This is way off topic...but I'm interested if anyone else has seen signs of a "grass roots" effort to try and influence the FOMC that higher interest rates are not in the best interest of our economy. There have been a few messages that I've seen on other boards where investors want to start an email/letter campaign to let their feeling be known to the appropriate agency/Senator. I know that the email/letter campaign several years ago to the FCC made a difference when the telephone companies were trying to force a charge for email between states. The telephone companies wanted the email sender/receiver to pay a fee for every email sent...as if it were a phone call.

There have been several articles recently criticizing the 50 bp hike...and suggesting that this hike was politically motivated. One of the strongest articles I've read was written by Lawrence Kudlow CNBC.com Chief Economist. Here is his recent article:

By Lawrence Kudlow CNBC.com Chief Economist cnbc.com.

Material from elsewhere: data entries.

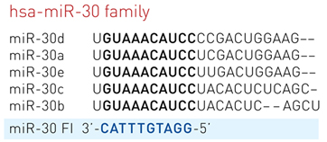 for the miR-30 family (in bold). In this particular case it was possible to design one short complimentary inhibitor, miR-30
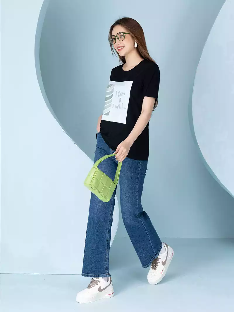 Áo phông nữ phom rộng in hình I can & I will
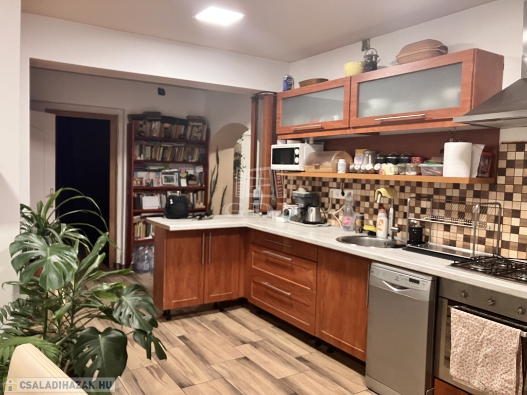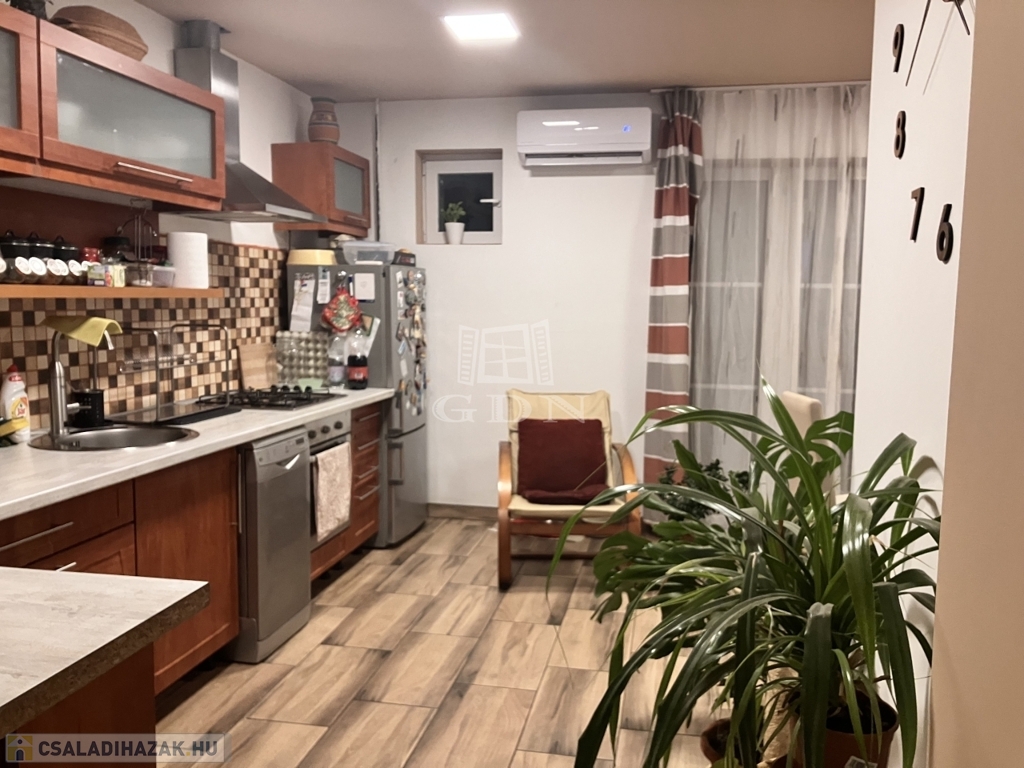 A ház alsó szintjén egy tágas, egyedi hangulatú konyha–étkező kapott helyet, beépített konyhabútorral és gépesítéssel, amely kényelmes teret biztosít a mindennapokhoz és a közös étkezésekhez.
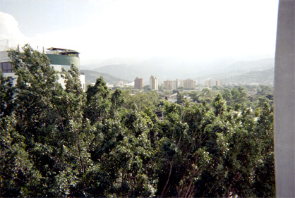 En el bloque inferior vegetación. Al fondo edificaciones. Vista de la ciudad desde el barrio Tequendama. Plano general.
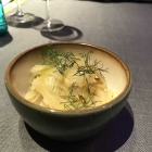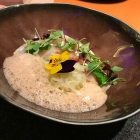 Zwei Stückchen von mariniertem Fisch und ein Raviolo, der mit zerkleinertem Fisch gefüllt war, schwammen in einem kalten Gurkensud, sowie kleine durch Molekularküche entstandenen Perlen, die beim Aufnehmen im Gaumen platzten und eine wunderbare erfrischende Geschmacksexplosion erzeugten. Diese Komposition fanden wir optisch und geschmacklich toll !

If Robert Novak's syndicated column yesterday about the Fed is even partly correct -- and I believe it is -- then financial markets could be in for a
bumpier near-term ride than most folks think. And certainly bumpier than our inflation-less prosperity deserves.
The estimable Mr. Novak, who is surely the most influential conservative journalist around, and quite possibly the number one media commentator of his
generation, believes that Alan Greenspan is being pressured by President Clinton's Fed appointees into a new tightening cycle that will be much more
aggressive than the Chairman wants.

Greenspan reportedly preferred only a 25-basis-point rise in the overnight federal funds rate. However, the Clintonite Gang of Three -- Laurence
Meyer, Roger Ferguson and Edward Gramlich -- insisted on a 50-basis-point hike. Greenspan apparently decided to switch rather than fight. Even
worse, the Fed announcement left the door open for another 50-basis-point credit tightening in June. And perhaps a third 50-basis-point move in
August.

In the context of a rising dollar and a falling gold price, alongside surprisingly benign April inflation reports, there can be no doubt now that Fed policy is
aimed directly at curbing economic growth. Buggy whips in hand, with bugles blaring, the Fed austerity brigade is armed with an old-economy Phillips
curve designed to slay non-existent inflation by depressing the new Internet economy.

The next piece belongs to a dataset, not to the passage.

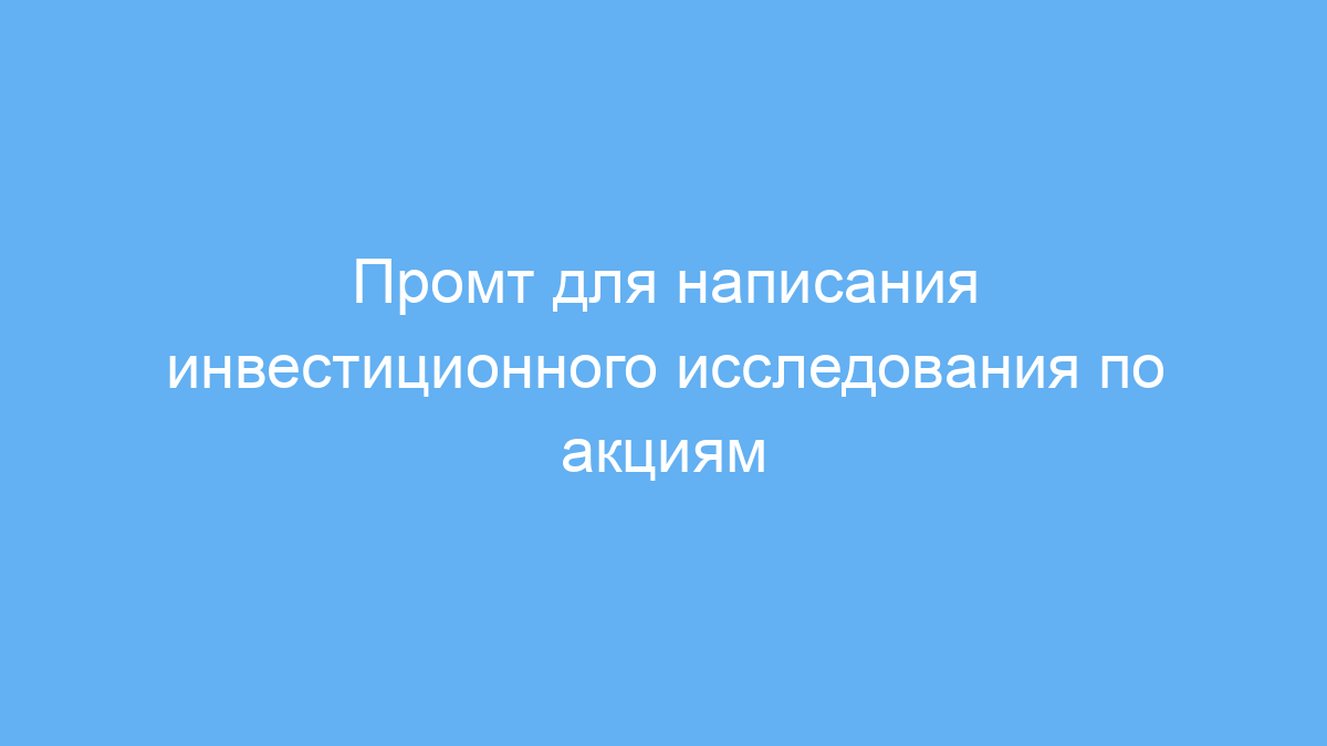 Используя этот промт, вы быстро получаете всесторонний и структурированный анализ акций. Это экономит время на сбор информации и помогает принимать более обоснованные решения в инвестициях.

Ride on, fellas. Right out of a 1950s smokestack playbook. Too many people working. Too many people getting raises. Too much investment. Too
much productivity. Too much -- prosperity.

There were even a couple days leading up to the last Fed meeting when the stock market appeared to be recovering. Of course, the market was
signaling strong approval of George Bush's private investment account reform of Social Security. Good thing the Fed stopped that before it got out of
hand. Much too good an idea.

Nearly 15 years ago a similar Fed story occurred, but in reverse.

Shortly after President Reagan appointed commodity price watchers Manley Johnson and Wayne Angell, they banded together with earlier Reagan
appointees (Preston Martin and Martha Seger) to pressure Paul Volcker into an easier money policy.

Volcker nearly resigned, but then, like Greenspan, he went along. But then easier money was the correct course. Now, tightening overkill is a terrible
idea. Is it possible that Mr. Greenspan is considering resignation?

As a footnote to the saga, Bob Novak pointed out that the "Super-hawks" want to move the fed funds rate upward in line with the growth in nominal
GDP (total spending in the economy, which grew at an 8-percent rate in Q4, and 7.5 percent over the past year). This, by the way, is a view held by a
number of Reserve Bank presidents, as well as the Clintonite Board members.

Consequently, Laurence Meyer & Co. may be preparing for a 7.5-percent or even 8-percent fed funds rate. So here's a warning: This harsh tightening
mode is not yet discounted by financial markets. Not stocks or bonds. Both the fed funds and eurodollar futures markets are suggesting no more than
75 additional basis points of tightening, but certainly not 100 or 125 basis points.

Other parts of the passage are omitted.